### RECORDS FOR THIS EXERCISE:
------------------------------------------------------------------------
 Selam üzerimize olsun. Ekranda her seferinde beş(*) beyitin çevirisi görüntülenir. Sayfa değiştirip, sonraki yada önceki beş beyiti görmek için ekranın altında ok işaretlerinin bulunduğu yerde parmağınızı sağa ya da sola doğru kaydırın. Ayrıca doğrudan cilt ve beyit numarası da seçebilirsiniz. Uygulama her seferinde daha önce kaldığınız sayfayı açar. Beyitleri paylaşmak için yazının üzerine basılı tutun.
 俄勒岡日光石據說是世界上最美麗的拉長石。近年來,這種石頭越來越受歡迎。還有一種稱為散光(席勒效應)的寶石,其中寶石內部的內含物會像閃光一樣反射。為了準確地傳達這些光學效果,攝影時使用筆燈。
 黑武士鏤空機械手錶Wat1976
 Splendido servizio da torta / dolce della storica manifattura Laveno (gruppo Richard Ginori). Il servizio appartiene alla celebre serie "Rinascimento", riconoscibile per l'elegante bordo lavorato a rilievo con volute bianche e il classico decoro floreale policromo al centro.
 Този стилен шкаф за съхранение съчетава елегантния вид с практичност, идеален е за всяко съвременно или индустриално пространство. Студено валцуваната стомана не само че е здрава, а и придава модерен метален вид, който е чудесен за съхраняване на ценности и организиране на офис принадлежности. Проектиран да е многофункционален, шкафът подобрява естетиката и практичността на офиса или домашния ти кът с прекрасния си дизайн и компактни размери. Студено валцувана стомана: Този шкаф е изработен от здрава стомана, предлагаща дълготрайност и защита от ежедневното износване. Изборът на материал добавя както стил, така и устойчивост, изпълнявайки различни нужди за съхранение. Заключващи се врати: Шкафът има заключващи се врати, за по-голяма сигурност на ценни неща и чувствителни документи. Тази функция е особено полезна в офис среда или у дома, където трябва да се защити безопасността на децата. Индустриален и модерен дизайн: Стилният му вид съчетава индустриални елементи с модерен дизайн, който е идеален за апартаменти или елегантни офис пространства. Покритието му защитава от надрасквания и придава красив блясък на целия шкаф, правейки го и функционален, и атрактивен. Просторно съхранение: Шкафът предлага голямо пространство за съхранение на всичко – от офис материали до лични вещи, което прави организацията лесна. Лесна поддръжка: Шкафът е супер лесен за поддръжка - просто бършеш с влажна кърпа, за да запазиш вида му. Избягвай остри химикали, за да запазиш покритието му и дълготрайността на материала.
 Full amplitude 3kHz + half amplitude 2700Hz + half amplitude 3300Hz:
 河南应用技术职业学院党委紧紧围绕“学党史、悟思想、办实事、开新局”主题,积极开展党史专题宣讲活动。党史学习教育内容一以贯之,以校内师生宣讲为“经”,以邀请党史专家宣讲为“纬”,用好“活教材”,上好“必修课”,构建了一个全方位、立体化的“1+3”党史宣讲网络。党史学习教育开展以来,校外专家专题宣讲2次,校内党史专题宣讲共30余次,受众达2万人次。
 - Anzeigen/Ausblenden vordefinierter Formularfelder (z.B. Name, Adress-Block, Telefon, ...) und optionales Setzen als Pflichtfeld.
------------------------------------------------------------------------
### INSTRUCTIONS FOR THE TASK:
Without changing anything, repeat the whole listing.

### EXERCISE SOLUTION:
 Selam üzerimize olsun. Ekranda her seferinde beş(*) beyitin çevirisi görüntülenir. Sayfa değiştirip, sonraki yada önceki beş beyiti görmek için ekranın altında ok işaretlerinin bulunduğu yerde parmağınızı sağa ya da sola doğru kaydırın. Ayrıca doğrudan cilt ve beyit numarası da seçebilirsiniz. Uygulama her seferinde daha önce kaldığınız sayfayı açar. Beyitleri paylaşmak için yazının üzerine basılı tutun.
 俄勒岡日光石據說是世界上最美麗的拉長石。近年來,這種石頭越來越受歡迎。還有一種稱為散光(席勒效應)的寶石,其中寶石內部的內含物會像閃光一樣反射。為了準確地傳達這些光學效果,攝影時使用筆燈。
 黑武士鏤空機械手錶Wat1976
 Splendido servizio da torta / dolce della storica manifattura Laveno (gruppo Richard Ginori). Il servizio appartiene alla celebre serie "Rinascimento", riconoscibile per l'elegante bordo lavorato a rilievo con volute bianche e il classico decoro floreale policromo al centro.
 Този стилен шкаф за съхранение съчетава елегантния вид с практичност, идеален е за всяко съвременно или индустриално пространство. Студено валцуваната стомана не само че е здрава, а и придава модерен метален вид, който е чудесен за съхраняване на ценности и организиране на офис принадлежности. Проектиран да е многофункционален, шкафът подобрява естетиката и практичността на офиса или домашния ти кът с прекрасния си дизайн и компактни размери. Студено валцувана стомана: Този шкаф е изработен от здрава стомана, предлагаща дълготрайност и защита от ежедневното износване. Изборът на материал добавя както стил, така и устойчивост, изпълнявайки различни нужди за съхранение. Заключващи се врати: Шкафът има заключващи се врати, за по-голяма сигурност на ценни неща и чувствителни документи. Тази функция е особено полезна в офис среда или у дома, където трябва да се защити безопасността на децата. Индустриален и модерен дизайн: Стилният му вид съчетава индустриални елементи с модерен дизайн, който е идеален за апартаменти или елегантни офис пространства. Покритието му защитава от надрасквания и придава красив блясък на целия шкаф, правейки го и функционален, и атрактивен. Просторно съхранение: Шкафът предлага голямо пространство за съхранение на всичко – от офис материали до лични вещи, което прави организацията лесна. Лесна поддръжка: Шкафът е супер лесен за поддръжка - просто бършеш с влажна кърпа, за да запазиш вида му. Избягвай остри химикали, за да запазиш покритието му и дълготрайността на материала.
 Full amplitude 3kHz + half amplitude 2700Hz + half amplitude 3300Hz:
 河南应用技术职业学院党委紧紧围绕“学党史、悟思想、办实事、开新局”主题,积极开展党史专题宣讲活动。党史学习教育内容一以贯之,以校内师生宣讲为“经”,以邀请党史专家宣讲为“纬”,用好“活教材”,上好“必修课”,构建了一个全方位、立体化的“1+3”党史宣讲网络。党史学习教育开展以来,校外专家专题宣讲2次,校内党史专题宣讲共30余次,受众达2万人次。
 - Anzeigen/Ausblenden vordefinierter Formularfelder (z.B. Name, Adress-Block, Telefon, ...) und optionales Setzen als Pflichtfeld.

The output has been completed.